Neuronal dysfunction and cell death in the cerebral cortex is a hallmark of AD (Bennett et al., 2005; Bonthius et al., 2005; Delatour et al., 2004; Geula and Mesulam, 1995; Minger et al., 2001; Rosenberg et al., 2000; Samuel et al., 1994). The present study shows that primary cortical neurons express intrinsic and biologically active CHT1 activity, and that, in these neurons, CHT1-mediated choline uptake activity is significantly reduced by the Alzheimer’s PS-1 M146V mutation. Several potential mechanisms may be considered for the observed decrease in CHT1-mediated choline uptake in cortical neurons from PS-1 M146V mutant mice. Although CHT1 is predominantly intracellular, CHT1 shuttles constitutively between the plasma membrane and endocytic compartments, and synaptic vesicles may function as a reservoir to deliver CHT1 to plasma membrane following neuronal excitation (Ribeiro et al., 2003; Ribeiro et al., 2005). One potential mechanism by which the PS-1 mutation may decrease the CHT1-mediated choline uptake is by decreasing the expression and/or incorporation of CHT1 in cell surface (plasma membrane). However, kinetic analyses and data from [3H] HC-3 binding studies showed no significant difference in Bmax values among cortical neurons from the wild-type mice and those from the PS-1 M146V mutant animals, indicating that the PS-1 mutation did not significantly alter the incorporation of CHT1 to plasma membrane. (Fig. 4, and Table 1). This conclusion was further supported by data from Western blotting analysis of the biotinylated proteins (which are mostly cell surface proteins) showing that cell surface levels of CHT1 proteins in primary neurons from PS-1 M146V KI mice were not significantly different from those in wild-type animals (Fig. 1). The lack of a significant change in cell surface expression of CHT1 in cortical neurons from PS-1 M146V mutant animals suggests that the PS-1mutation is unlikely to be involved in the regulation of expression and/or incorporation of CHT1 protein in the plasma membrane.

Another potential mechanism by which the PS-1 mutation may decrease the CHT1-mediated choline uptake is by reducing the ligand binding affinity of CHT1 and/or the substrate transport activity of CHT1. Our observations that expression of PS-1 M146V mutation in primary cortical neurons resulted in a significant increase in Km in [3H] choline uptake assays and in Kd in [3H] HC-3 binding assays were consistent with this hypothesis, and demonstrated that the binding affinity of CHT1 to its substrate was significantly decreased in the PS-1 mutant animals.
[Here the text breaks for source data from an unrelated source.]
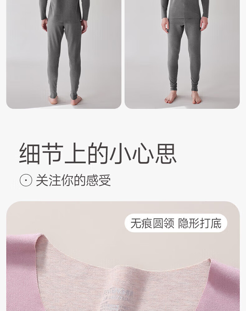 芬腾情侣秋季保暖内衣秋衣秋裤套装女士羊毛蚕丝德绒男冬天打底衫 深灰【单男款】 L 建议:女110-124斤,男126-146斤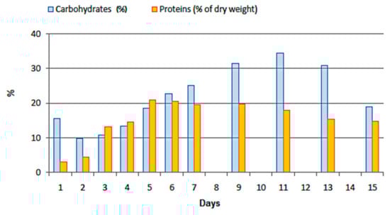 Carbohydrate and protein content were measured daily during the first seven days of experiment, and later on every 2nd day. The results are presented in Figure 7.
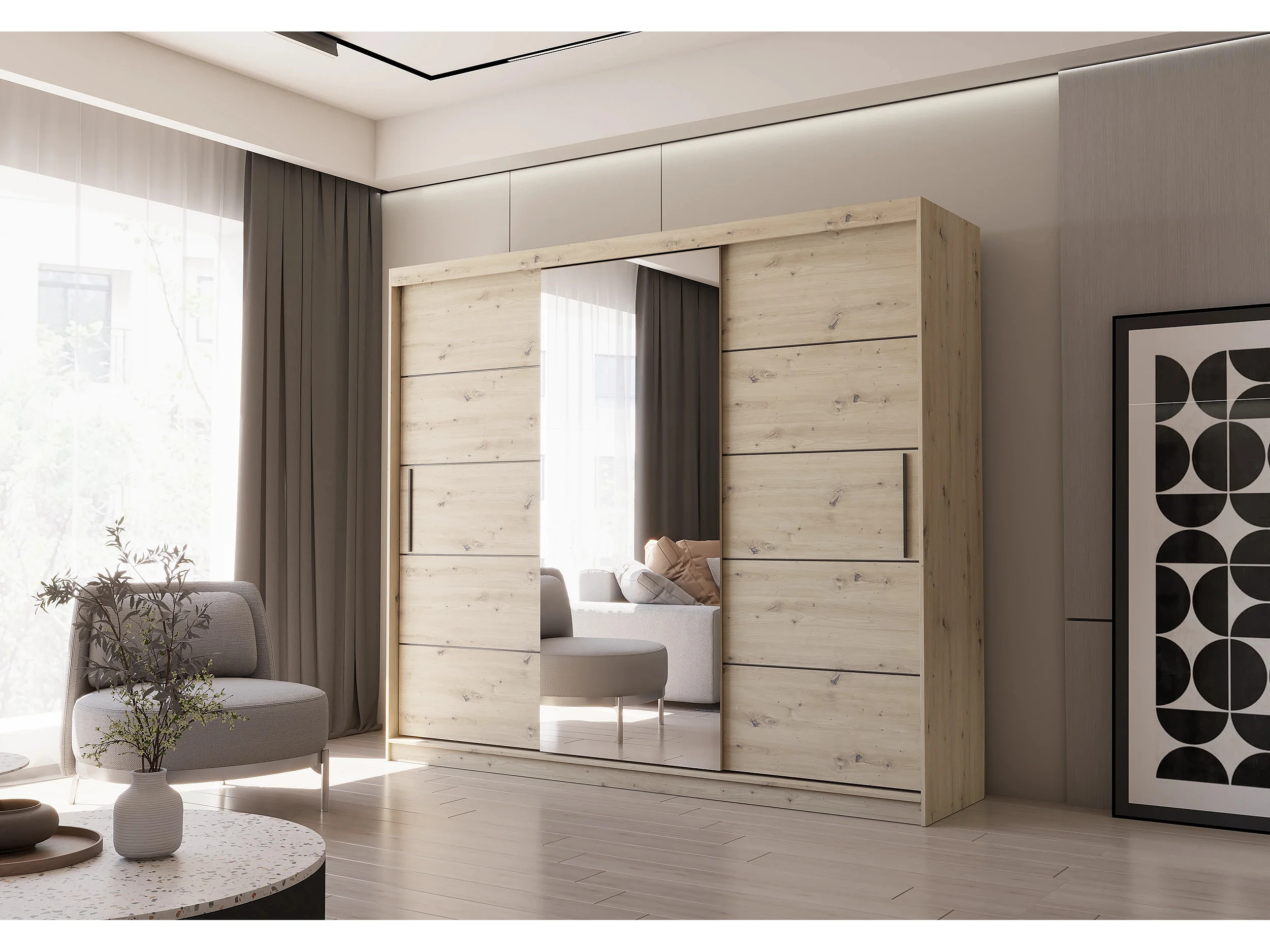 Armoire Elior 250 cm avec miroir - Effet bois

It is still unclear how mutations in PS-1 alter the ligand binding affinity of CHT1. Mounting evidence suggests that aberrant production and aggregation of the neurotoxic amyloid β-peptide 1–42 (Aβ42) play a key role in the pathogenesis of Alzheimer’s disease. Mutations in presenilins have been shown to significantly increase the production of Aβ42 (Annaert et al., 1999; Borchelt et al., 1997; Cai et al., 2006; Capell et al., 2000; Chui et al., 1999; Duff et al., 1996; Guo et al., 1996; Guo et al., 1997; Guo et al., 1998; Guo et al., 1999c; Mattson et al., 1998; Scheuner et al., 1996). Of importance, a recent report found that, in freely moving PDAPP mice (a well-characterized transgenic mouse model of AD), Aβ42 formed a complex with CHT1 in co-immunoprecipitation assays, which may impair steady-state and on-demand ACh release (Bales et al., 2006). Treatment of PDAPP mice with the anti-Aβ antibody could rapidly and completely restore hippocampal ACh release and high-affinity choline uptake while greatly reducing impaired habituation learning in these mice (Bales et al., 2006). These observations raised the intriguing possibility that the significant reduction in choline uptake activity of CHT1 observed in this study in PS-1 M146V mutant mice might be mediated by an aberrant production of Aβ42 associated with the PS-1 mutation.
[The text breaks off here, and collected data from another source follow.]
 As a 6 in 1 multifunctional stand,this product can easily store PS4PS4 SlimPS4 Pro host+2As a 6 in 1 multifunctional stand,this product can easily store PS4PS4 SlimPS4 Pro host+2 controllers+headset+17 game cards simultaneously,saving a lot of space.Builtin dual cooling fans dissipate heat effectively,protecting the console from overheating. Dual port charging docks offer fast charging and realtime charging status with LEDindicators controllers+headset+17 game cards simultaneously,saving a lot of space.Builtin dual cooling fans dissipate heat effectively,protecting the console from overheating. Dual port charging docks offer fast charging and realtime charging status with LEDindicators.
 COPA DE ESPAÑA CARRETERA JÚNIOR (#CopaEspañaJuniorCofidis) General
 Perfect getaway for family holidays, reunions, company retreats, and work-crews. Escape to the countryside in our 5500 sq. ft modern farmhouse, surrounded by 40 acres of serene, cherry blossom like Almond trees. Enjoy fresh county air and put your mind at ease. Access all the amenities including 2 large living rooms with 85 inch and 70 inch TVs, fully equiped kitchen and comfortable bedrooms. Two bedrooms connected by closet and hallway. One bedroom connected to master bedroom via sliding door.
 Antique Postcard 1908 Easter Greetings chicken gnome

The PS-1 mutant knockin mouse strain used in this study was originated on a B6;129 background, and has been backcrossed to C57BL/6 for multiple generations. We have reported that the homozygous PS1M146VKI mice produced only the mutant gene product. However, during the transfer of the knock-in to the B6 background, the flanking regions of the PS-1 knock-in that are of 129 origin might have also been transferred. It is therefore possible that there might be genes in this flanking region that are causing the observed changes in CHT1-mediated choline uptake. Although there is no clear evidence for the existence of such passenger genes of 129 origin in our PS-1 M146 knockin strain, this possibility can be a potential concern in early generations of our PS-1 knockin mice in which there might have been a significant contribution from the 129 strain. However, many of ours PS-1 knockin animals have been backcrossed to C57BL/6 for over 20 generations now. Moreover, we found that wild-type 129S1/svImJ mice backcrossed to C57BL/6 for at least 10 generations showed no significant difference in specific choline uptake in cortical neurons when compared with specific choline uptake in cortical neurons from C57BL/6 inbred animals (data not shown). These data suggest that the effect of PS-1 mutation on CHT1- mediated choline uptake observed in this study was unlikely due to the contribution from the 129 mouse strain.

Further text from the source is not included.